Installed and useful!
 
@Nick Uh...I meant that if you ask a question like "Is X faster than light?", more often than not it will be closed because the post usually assumes something that is contrary to mainstream physics. And yes, we're explicitly mainstream here
 
@ACuriousMind I'd be interested to know if your opinion would change if a user had posted tens of comments pointing to a single external site without posting other material to Physics SE. That would be the "pattern and practice" part of my original statement.
 
(Where mainstream is the scientific mainstream and is miles away from what pop culture thinks physics is)
 
lol, noted.
@ACuriousMind: "Is light in vacuum faster than light in air?" , will you close that?
 
5:32 PM
I saw a FTL paper on the arxiv the other day that I didn't disregard as crazy immediately
 
@dmckee I (would, in that hypothetical situation) resent that, but I still don't think it means that these comments must be deleted.

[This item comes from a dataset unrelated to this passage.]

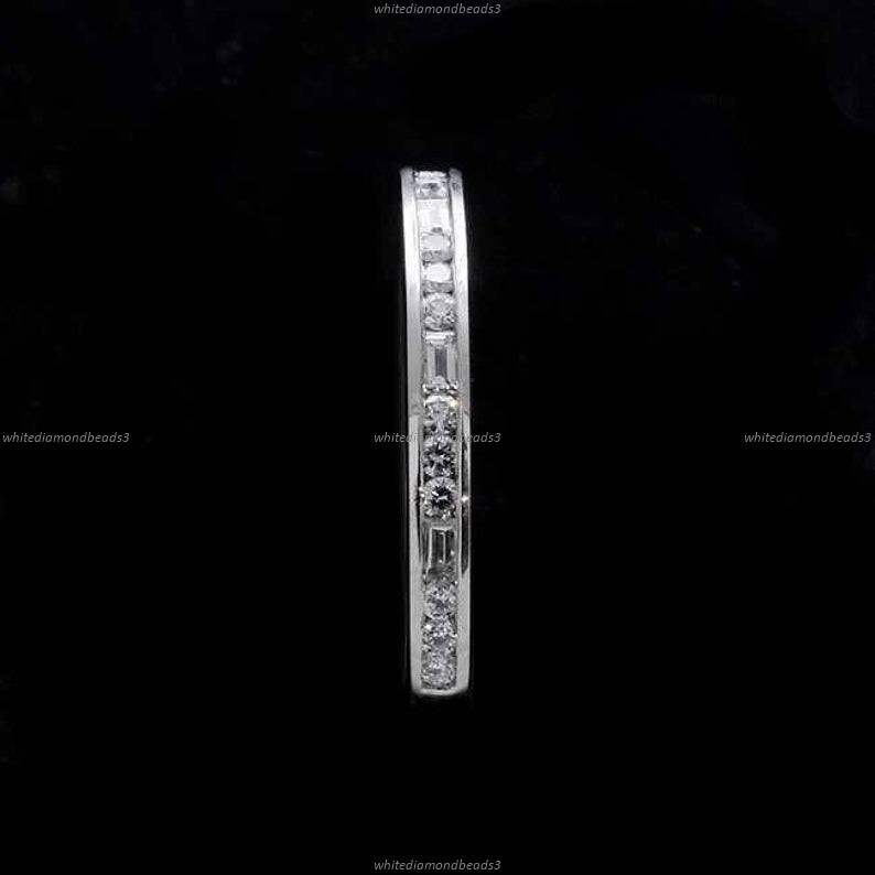 Natural Moissanite Diamond Wedding Band in 14k White Gold Fine Jewelry

@Nick Nah, the answer is Yes
"faster-than-light" usually refers to faster-than-light-in-vacuum-otherwise-known-as-the-maximum-speed-as-allowed-by-r‌​elativity ;)

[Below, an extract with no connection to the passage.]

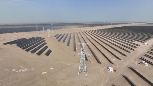 粵水電巴楚光伏項目位于巴楚縣三岔口,該項目總建設(shè)用地面積約9.3萬畝,總建設(shè)規(guī)模為307萬千瓦,共分五期建設(shè)。目前已并網(wǎng)裝機容量67萬千瓦,可減少碳排放約100萬噸。

@Kyle They're not all kooky, granted. But for some reason, FTL is a prime bait for crackpots.
 
indeed
wish I could find the paper again, wanted to give it a quick read...
 
@ACuriousMind: lol, thanks for the fun chat. See you later. Goodnight :D
 
6:10 PM
I think I have found my favourite SE question title ever: Life isn't fair
2
 
6:44 PM
@dmckee please note that I (and probably others who provide links to external sources) have posted some on Physics SE considered useful material or I would not have earned slighly > 4000 rep. Comments dont contribute to the gain of rep... And if everything keeps being reasonable and fair, nothing will stop me (and others who link to external sources at times) from providing new answers and questions in the future. Disallowing links to good information relevant for a question would be strange.
 
@Dilaton Allowing a person to post a link to one website that he/she owns/operates would be strange.
The definition of spam is, Electronic spamming is the use of electronic messaging systems to send unsolicited messages (spam), especially advertising. As well as sending messages repeatedly on the same site. (from Wikipedia article on spamming)
What you are doing is the very definition of spam. How you can twist what you do to be not-spam is something I'm very interested in seeing you do.
 
7:06 PM
I should note that the bolded words above are my own emphasis.